The Vorpsis went on with their trip. Bessian looked at his wife from the side. Her features were somewhat drawn, and she was a little pale, which made her look only the more desirable, as had happened a few days ago. She is tired out, he thought, even though she won’t admit it. Actually, during all those days he had been waiting to hear her say at last the words that would have been so natural, “Oh, I’m so tired.” He had waited for those words impatiently, feverishly, the remedy for their trouble, but she had not said them. Her face pale, she looked out at the road in silence, or very nearly. As for her expression, which even when she was angry or humiliated had always seemed understandable to him, he now found that he had no clue to what it might mean. If only her eyes expressed annoyance, or worse, coldness. But there was something else in her eyes. In some way her look was empty at its center and only the edges were still there.

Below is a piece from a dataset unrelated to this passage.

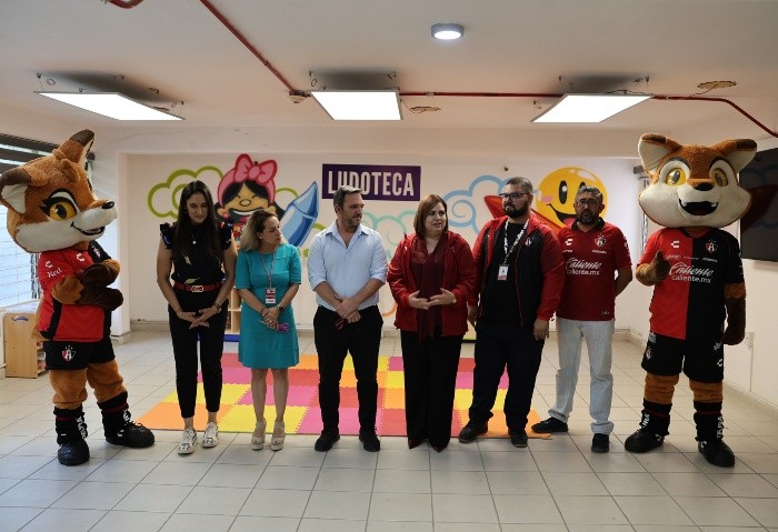 Este lunes 8 de abril, los rojinegros del Atlas visitaron las instalaciones de Hogar Cabañas para celebrar la inauguración de su cuarta Ludoteca, como parte del programa “Jugamos X Jalisco”. El evento reunió a directivos, voluntarios y a los jugadores de los Primeros Equipos Femenil y Varonil, además de niñas, niños y adolescentes en situación vulnerable que forman parte de esta institución de asistencia integral.Durante la ceremonia se develó una placa conmemorativa que simboliza el esfuerzo conjunto entre Orlegi Sports, Atlas FC, Ganar Sirviendo y Jugamos X Jalisco, sellando así el compromiso de brindar espacios que impulsen el bienestar, el juego y el desarrollo de la niñez jalisciense.Con esta nueva Ludoteca se impactará directamente a 286 menores, quienes ahora contarán con un entorno seguro, digno y enriquecedor, donde podrán jugar y fortalecer su desarrollo integral.El evento contó con la presencia de Germán Brunati, Presidente Deportivo de Atlas FC; Mariana Alvídrez García, Gerente General de Ganar Sirviendo; la abogada Giovana Navarro, encargada del Despacho de Dirección General de Hogar Cabañas; el Maestro Alejandro Contreras, Jefe de la Unidad de Gestión Integral de Hogar Cabañas; y Adriana Méndez, Directora de Desarrollo Institucional de Fondo Unido - United Way México.Al concluir la ceremonia, los futbolistas convivieron con los menores en actividades recreativas llenas de alegría y momentos emotivos, reafirmando así el compromiso de Atlas FC y Valor Rojinegro de Ganar Sirviendo y de seguir transformando vidas a través del deporte y la solidaridad.SV

Seated side by side, they rarely spoke. Sometimes he tried to create a bit of warmth, but fearing that he might put himself in a position of inferiority, he did that with great discretion. The worst of it was that he felt quite unable to be angry at her. In his relations with women he had noticed that anger and quarrelling could at times bring about a sudden resolution of static situations that had seemed hopeless, as a storm can clear away an oppressively humid atmosphere. But there was something in the way that her eyes were set that defended her against anyone else’s anger. Something like the eyes of pregnant women. At one moment he even wondered — almost aloud — can she be expecting a child? But his mind, mechanically, reckoned up the time that had passed, and this disposed of his last hope. Bessian suppressed a sigh that he did not want her to hear, and he went on looking at the countryside. Night was falling.